As you look at the summary, you can see that all of our variables are significant and that the current model explains 18% of the variance of graduation rate.

Visualizing the Multiple Regression Model

We cannot use a regular plot because are model involves more than two dimensions.  To get around this problem to see are modeling, we will graph fitted values against the residual values. Fitted values are the predict values while residual values are the acutal values from the data. Below is the code followed by the plot.

> CheckModel<-train(Grad.Rate~S.F.Ratio+PhD+Expend, method="lm", data=trainingset)
> DoubleCheckModel<-CheckModel$finalModel
> plot(DoubleCheckModel, 1, pch=19, cex=0.5)

Here is what happened

  1. We created the variable ‘CheckModel’.  In this variable, we used the ‘train’ function to create a linear model with all of our variables
  2. We then created the variable ‘DoubleCheckModel’ which includes the information from ‘CheckModel’ plus the new column of ‘finalModel’
  3. Lastly, we plot ‘DoubleCheckModel’

The regression line was automatically added for us. As you can see, the model does not predict much but shows some linearity.

Predict with Model

We will now do one prediction. We want to know the graduation rate when we have the following information

  • Student-to-faculty ratio = 33
  • Phd percent = 76
  • Expenditures per Student = 11000

Here is the code with the answer

> newdata<-data.frame(S.F.Ratio=33, PhD=76, Expend=11000)
> predict(TrainingModel, newdata)
       1 
57.04367

To put it simply, if the student-to-faculty ratio is 33, the percentage of PhD faculty is 76%, and the expenditures per student is 11,000, we can expect 57% of the students to graduate.

Testing

We will now test our model with the testing dataset. We will calculate the RMSE. Below is the code for creating the testing model followed by the codes for calculating each RMSE.

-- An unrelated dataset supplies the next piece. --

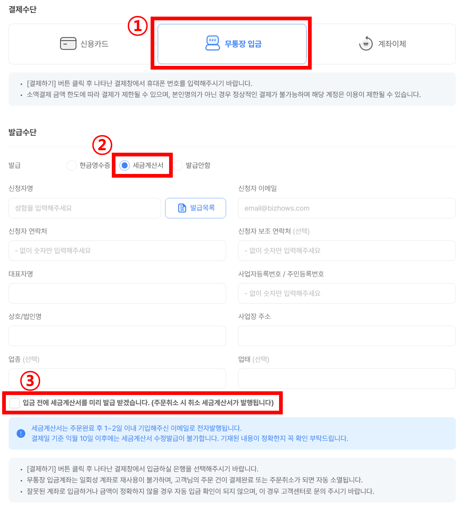 결제 수단에서 [ 무통장 입금 ]을 선택 후 발급 정보 기재 후 [ 입금 전에 세금계산서를 미리 발급 받겠습니다. ]를 체크해 주세요.
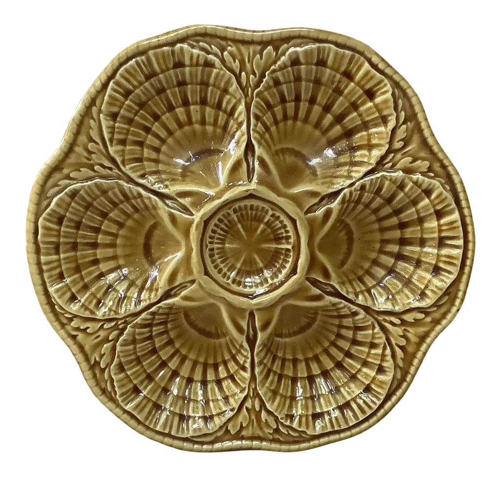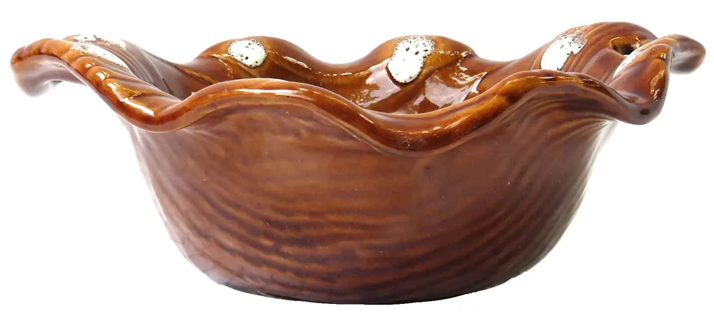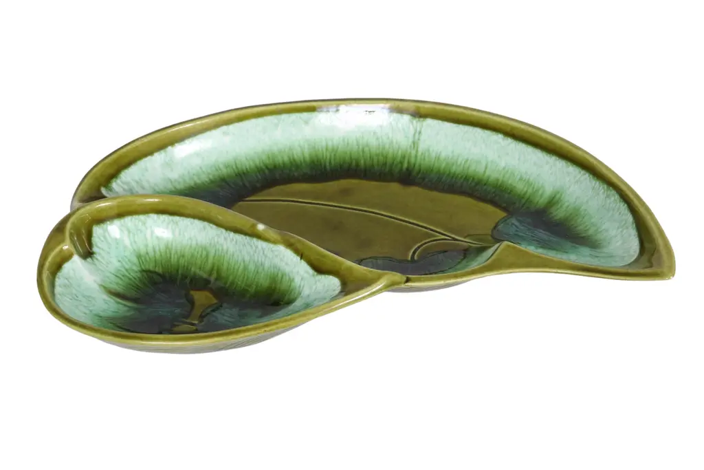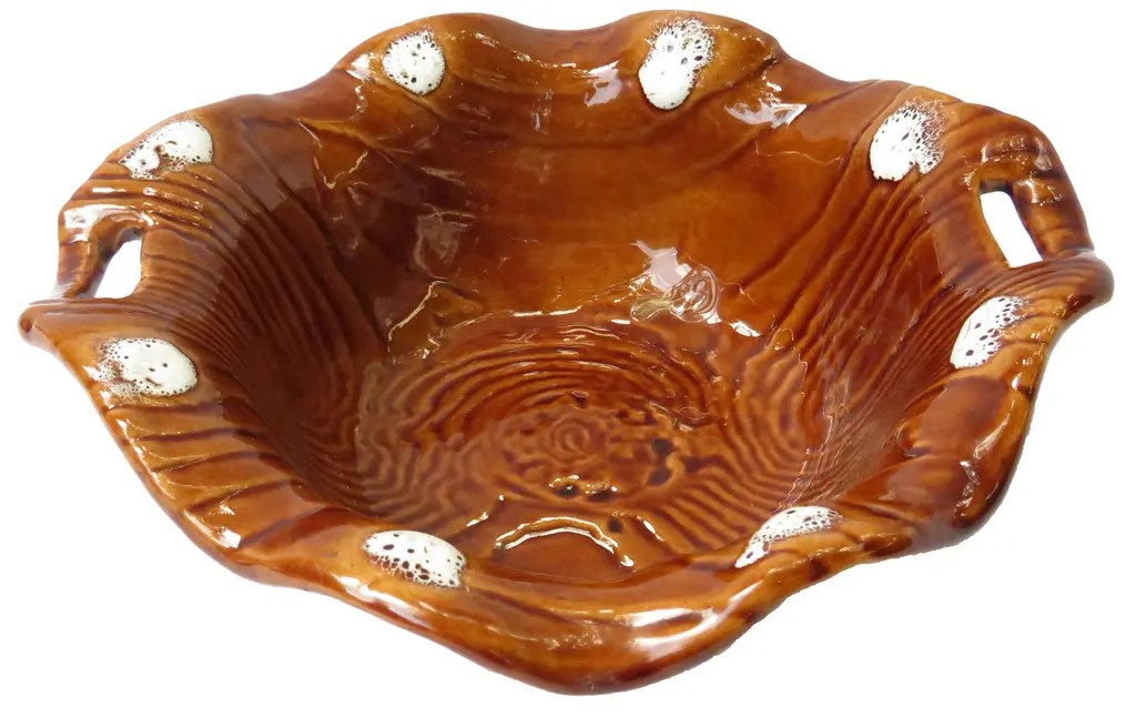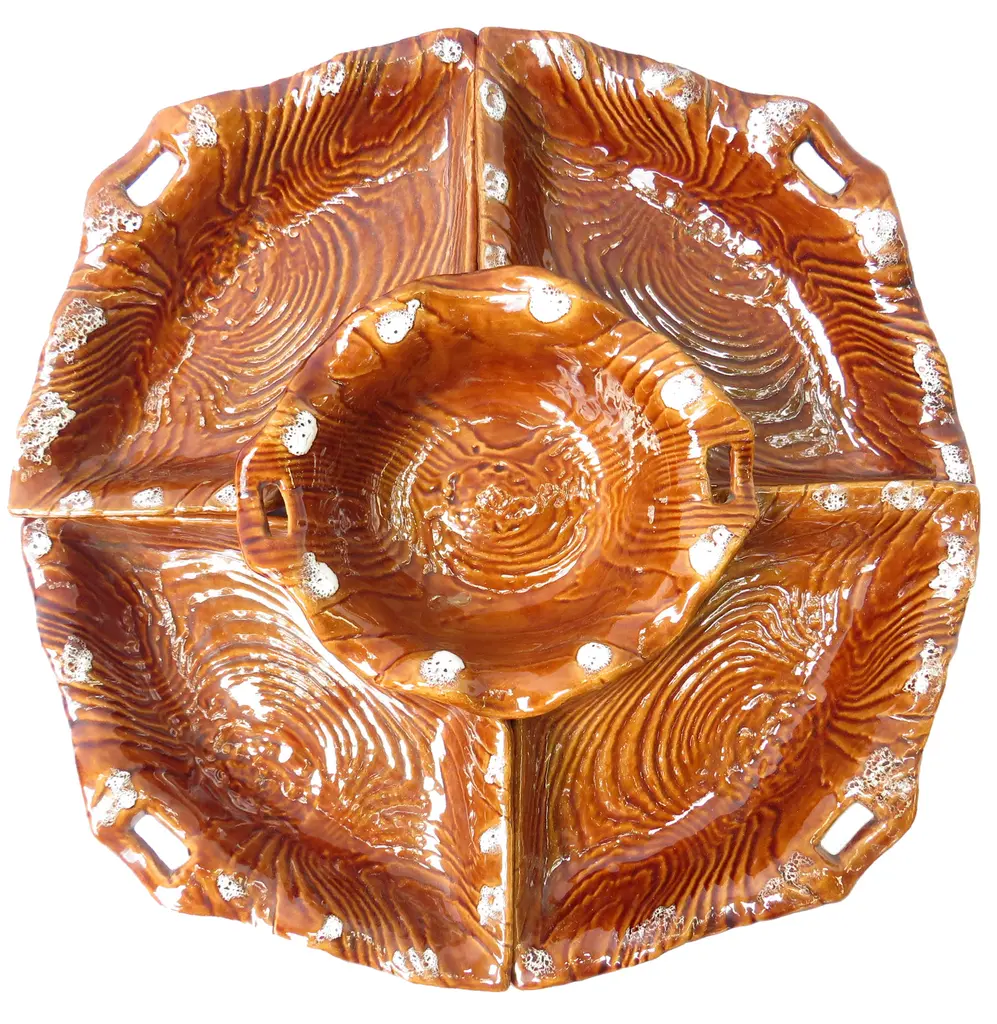Fantastic California Pottery ceramic serving set with an organic chic vibe. Deep center two-handled bowl w/ 4 trays encircling; faux bois texture, and multi-tone drip glaze. Perfect for serving chips and dip, artichokes, crudite, or fruit. Mark: Calif B412 USA dates to early-mid 1900s. Dimensions: overall, 16"Dia., center bowl, 7.25"W x 6.75"D x 3"H"; trays, 10"W x 5.5"D x 2"H. Excellent vintage condition -- no chips, no scratches, no crazing.

> TestingModel<-lm(Grad.Rate~S.F.Ratio+PhD+Expend, data=testingset)
> sqrt(sum((TrainingModel$fitted-trainingset$Grad.Rate)^2))
[1] 369.4451
> sqrt(sum((TestingModel$fitted-testingset$Grad.Rate)^2))
[1] 219.4796

Here is what happened

  1. We created the ‘TestingModel’ by using the same model as before but using the ‘testingset’ instead of the ‘trainingset’.
  2. The next two lines of codes should look familiar.
  3. From this output the performance of the model improvement on the testing set since the RMSE is lower than compared to the training results.

Conclusion

This post attempted to explain how to predict and assess models with multiple variables. Although complex for some, prediction is a valuable statistical tool in many situations.